Le processus le plus représenté durant le 2e trimestre concerne la représentation des significations du texte car, même s’il n’est pas présent de manière quotidienne dans les activités proposées, les trois enseignantes l’ont abordé. Chez deux d’entre elles, T.S. et M.P., ces processus ont été construits et mobilisés dans les activités, T.S. un peu plus souvent que M.P. Dans la classe de N.G., ils ont été uniquement mobilisés par les élèves dans les exercices effectués. Il y a donc eu un travail particulier sur la construction d’une image mentale du texte pour former un tout cohérent. Cela peut passer par la construction du lexique spécifique au texte, par la recherche d’informations, la formulation d’inférences, etc. Nous pensons que ces processus peuvent être considérés par ces trois enseignantes comme une des grandes difficultés des élèves. En effet, un modèle mental d’un texte peut être très complexe selon s’il est plus ou moins résistant. Comme nous l’avons pointé dans les documents officiels du Service de l’enseignement (2006), le travail de la compréhension en lecture en 2P doit se porter progressivement sur des textes qui résistent aux élèves. Nous pouvons donc supposer

que les textes travaillés durant cette période du recueil est propice au développement de ces processus.

5.2. Conclusion

Au vu de ces résultats, nous pouvons constater que, durant la période de recueil du 2e trimestre, il y a davantage d’activités de mobilisation que de construction dans les classes observées. Chacune des enseignantes a ainsi davantage proposé des activités mobilisant les processus et connaissances, que leur construction, certains contenus faisant même parfois uniquement l’objet d’une mobilisation en situation. Ce constat peut être expliqué par le degré, la 2P, où l’on considère le lecteur presque autonome car il est capable de déchiffrer seul et de maîtriser les mécanismes du code écrit. Cependant, pour chaque nouvelle composante, l’enseignante devrait passer par une phase de construction des notions avant de les entraîner.

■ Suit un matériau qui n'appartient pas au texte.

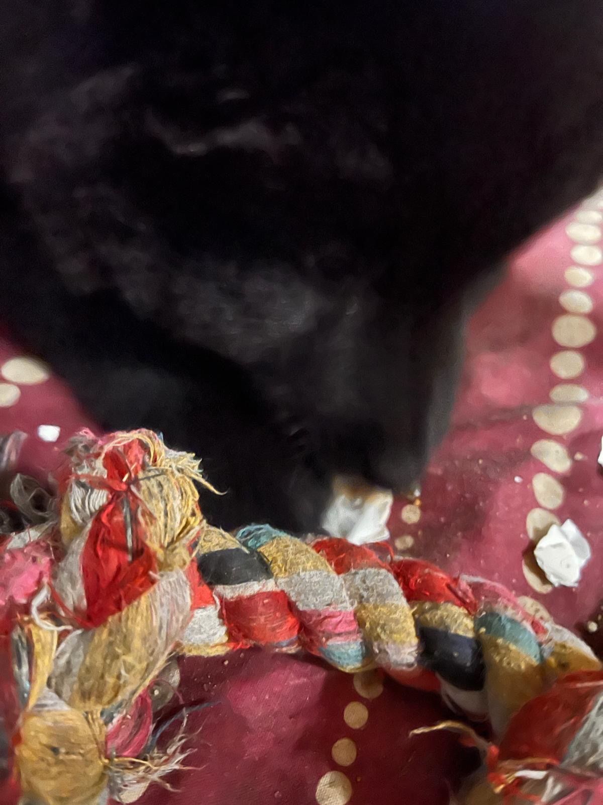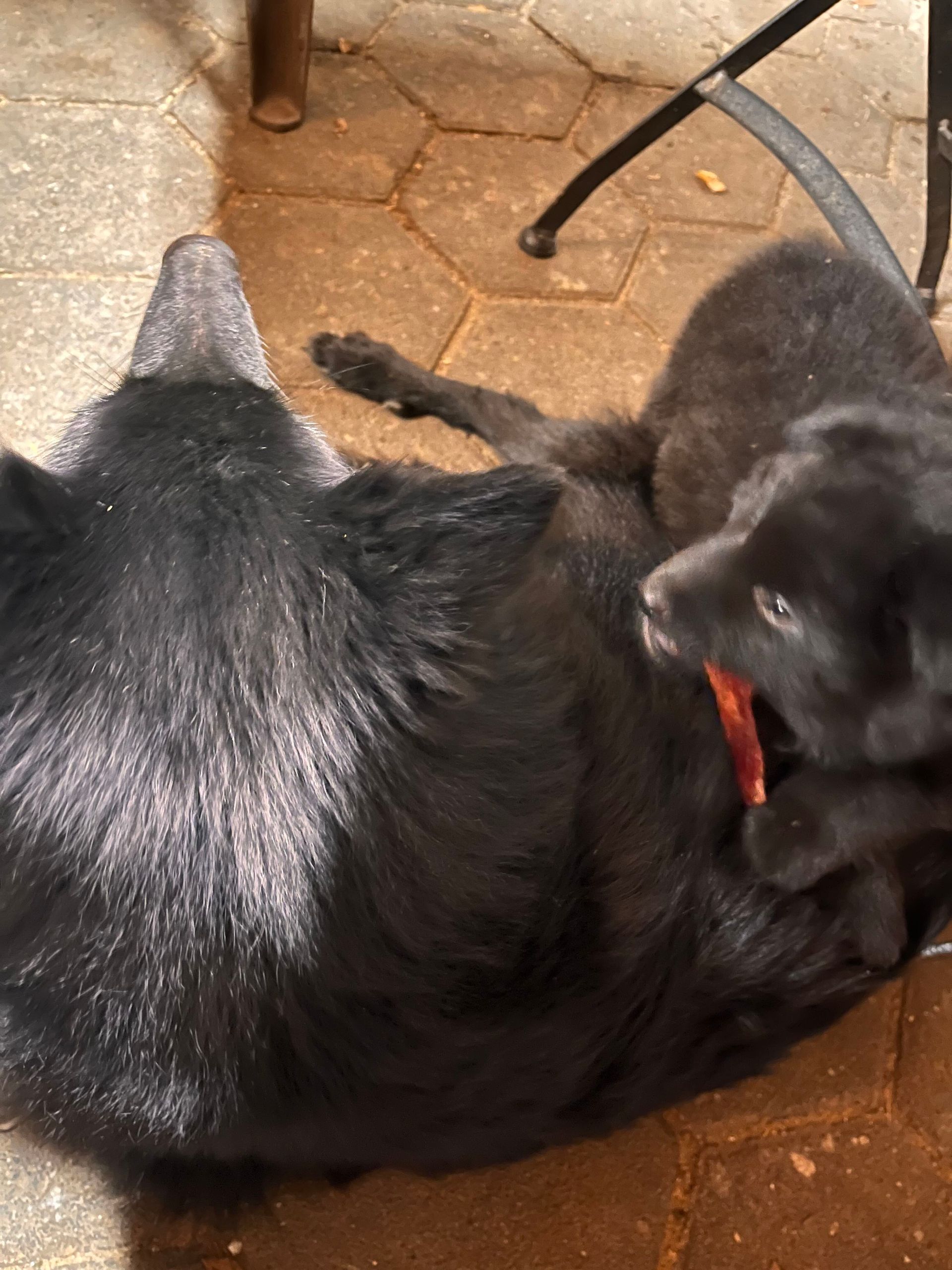Der Sandkasten ist definitiv Danger, er verteidigt ihn gegen alle. In der Mitte gab es zum ersten mal einen Knochen.
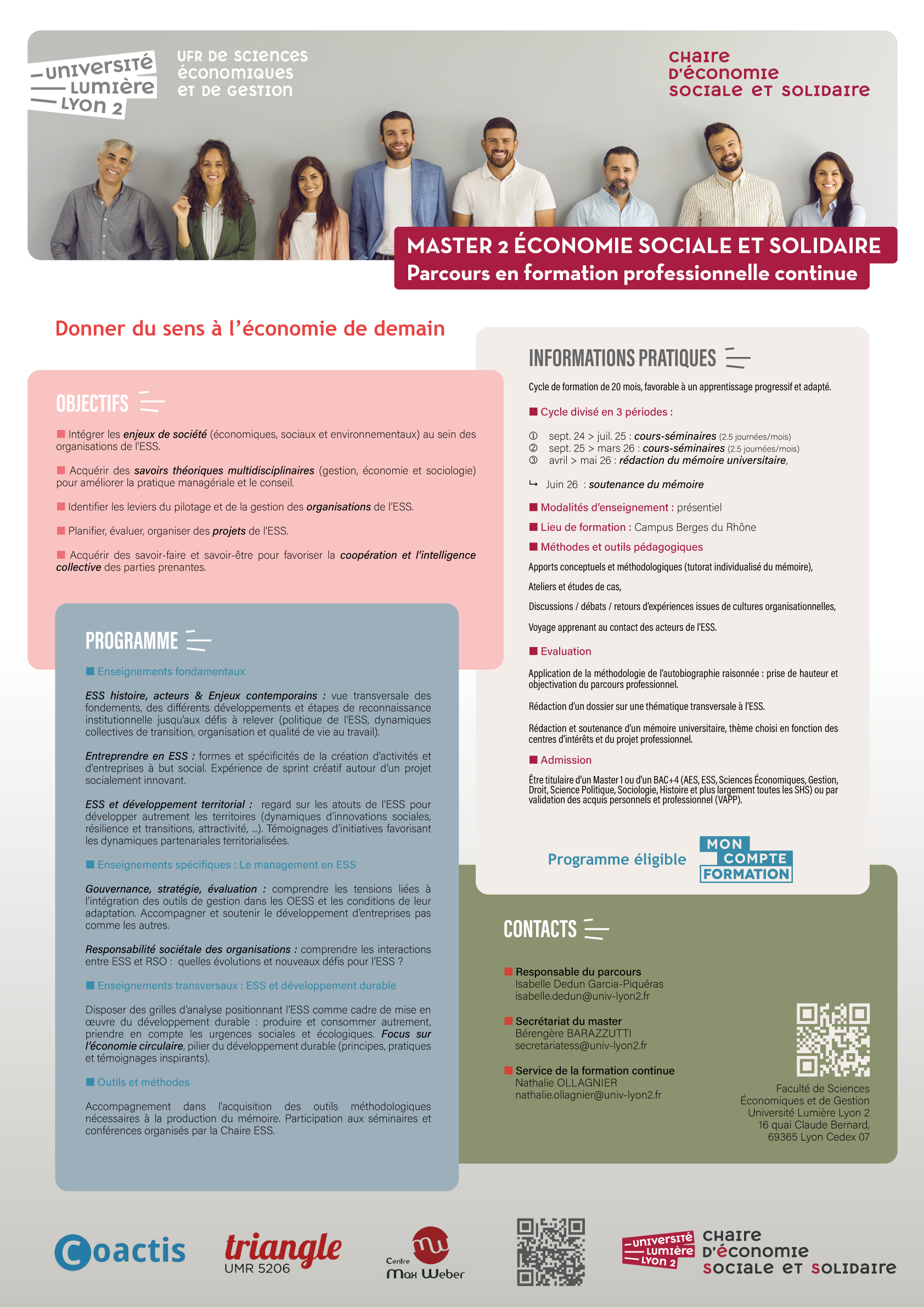 vision transversale du champ de l'ESS. Il ne se focalise donc pas sur une spécialité (insertion par l'emploi, vie associative, développement local, gestion sanitaire et sociale, développement urbain, action humanitaire, développement durable, etc.). La formation s'organise autour d'enseignements fondamentaux, spécifiques et transversaux. Ils sont complétés par un module Outils et méthodes qui inclue des conférences et séminaires en appui à la réalisation du mémoire.
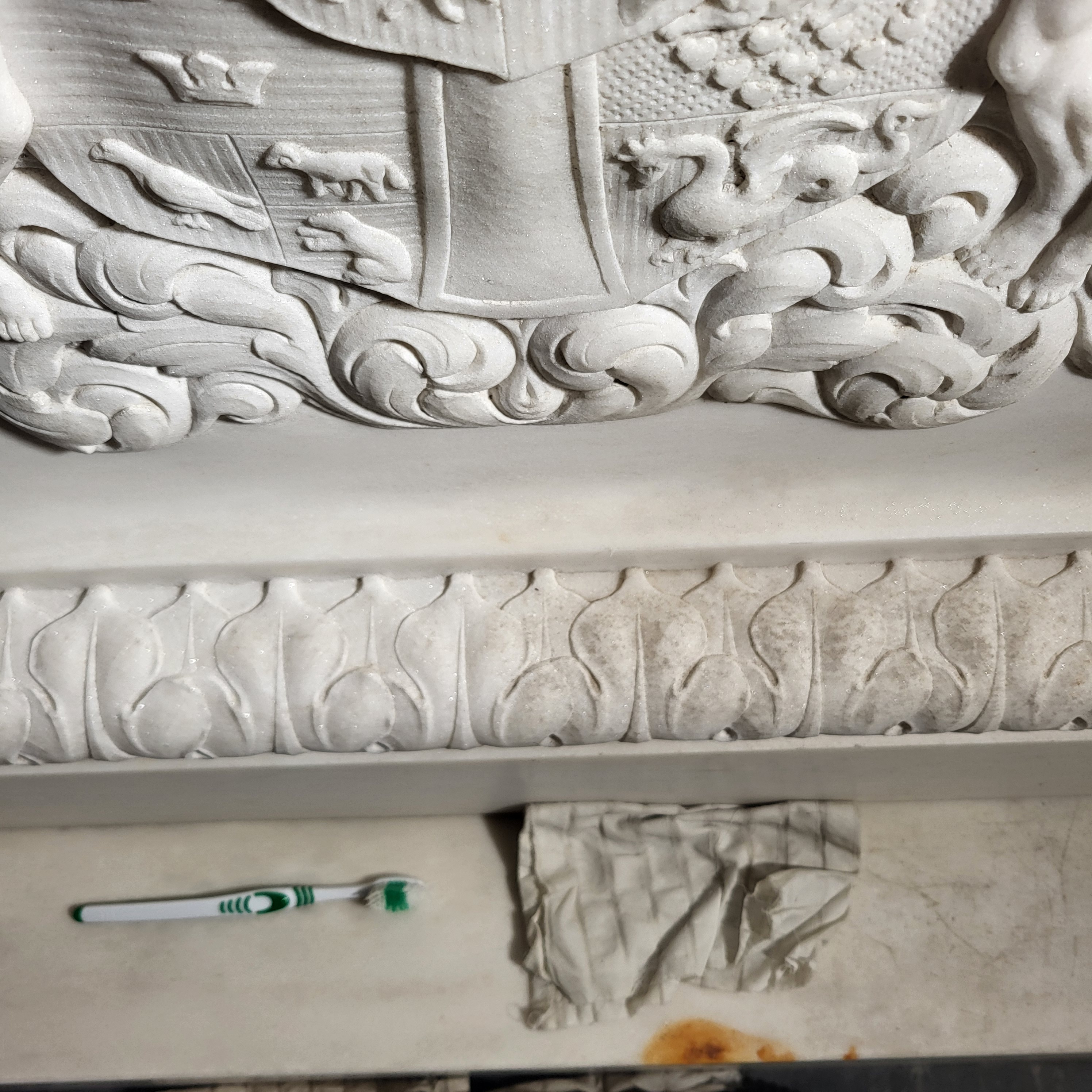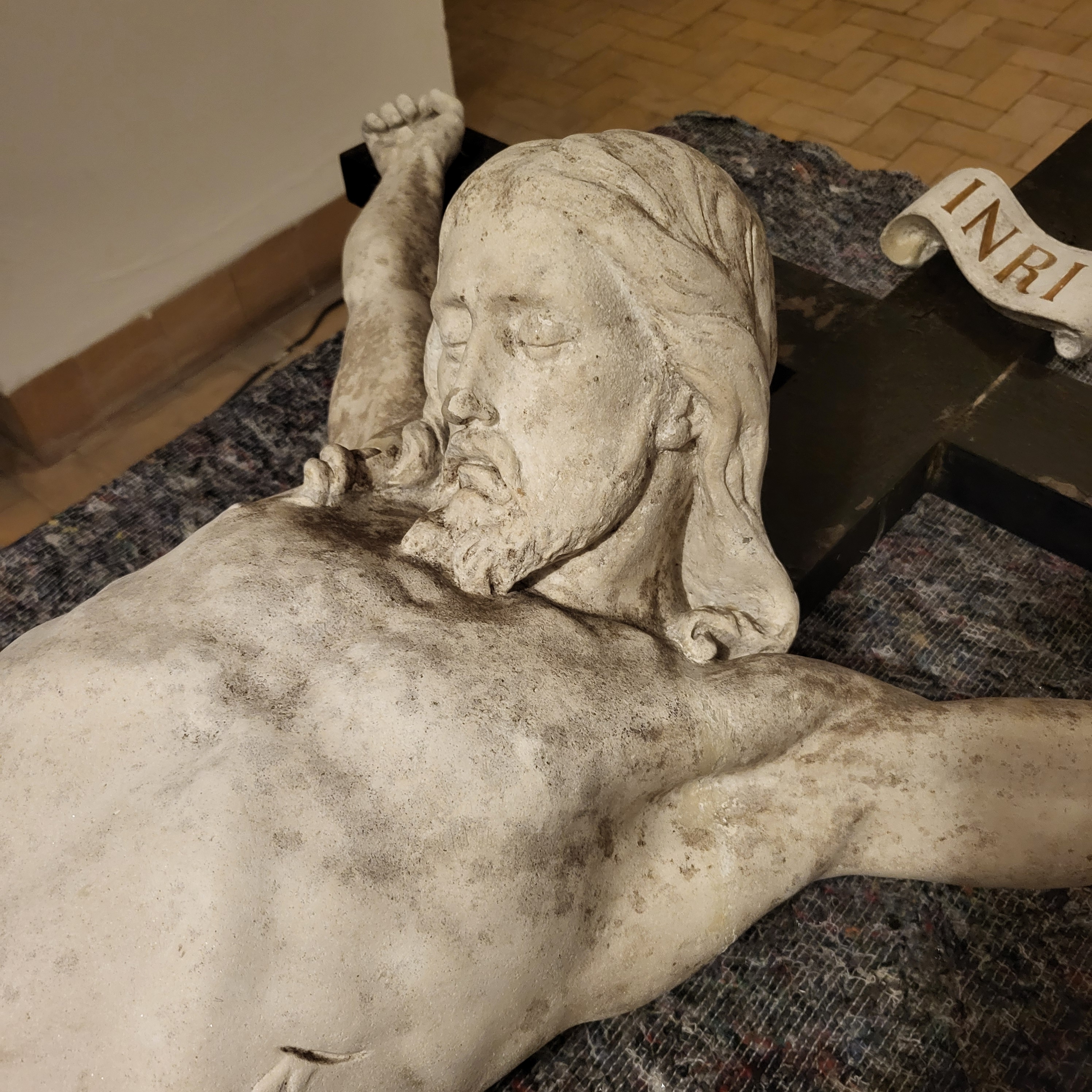 Vores undersøgelser viste, at krucifikset i krypten under Chr. d. 6’s kapel synes støbt i en kunststen, i dette tilfælde en blanding af en hvid matrix tilsat glimmermineraler, så det på afstand ligner hvid marmor. Dette har været en billigere fremstillingsmetode, men det har også sænket værkets samlede vægt, hvilket har været en fordel, da vægten allerede nu er betydelig.
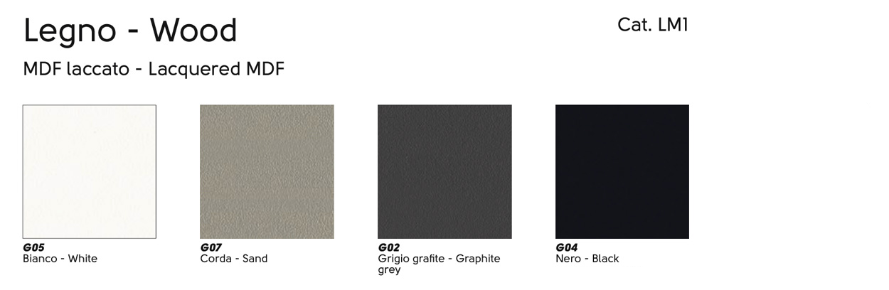La madia Lea è disponibile in due versioni: con altezza 55 cm oppure 73 cm. La versione con altezza 55 cm prevede una mensola a giorno con ripiano in vetro.
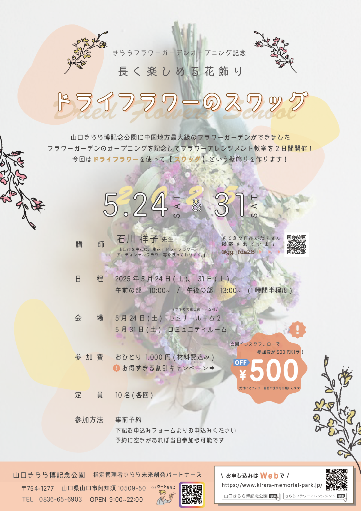 おひとり1,000円(材料費込) 公園インスタフォローで500円引きに!当日、受付にてフォロー画面の提示をお願いします。

Nous pouvons donc nous demander si ces contenus ont été précédemment enseignés ou s’ils ne font que l’objet d’une mobilisation dans les activités.

Il est intéressant de noter qu’une des enseignantes sort un peu du lot, M.P., car trois processus sont fortement présents dans ses activités : les processus et connaissances concernant les sociabilités de l’écrit, les processus de déchiffrage et d’identification des mots, et les connaissances linguistiques. De plus, elle est la seule à mettre en avant l’acculturation des élèves à l’écrit dans ses activités et les processus d’anticipation, de projection et d’évaluation.

Concernant l’ensemble des données pour cette période du recueil, nous constatons donc que les pratiques sont assez distinctes les unes des autres. Cependant, certains processus et connaissances sont pas/peu mis en œuvre dans les activités proposées par les trois enseignantes, comme les connaissances pour l’identification des mots, les connaissances sur le genre textuel, les connaissances thématiques, encyclopédiques ainsi que les processus d’anticipation, de projection, et d’évaluation.

L’accent, durant cette période du recueil, est davantage mis sur le processus de représentation des significations du texte. Les enseignantes insistent donc sur la construction d’un tout cohérent. Par conséquent, nous sommes tentés à dire ici que ce contenu est privilégié durant cette période car il s’agit du seul contenu abordé par les trois enseignantes, aussi bien en construction qu’en mobilisation.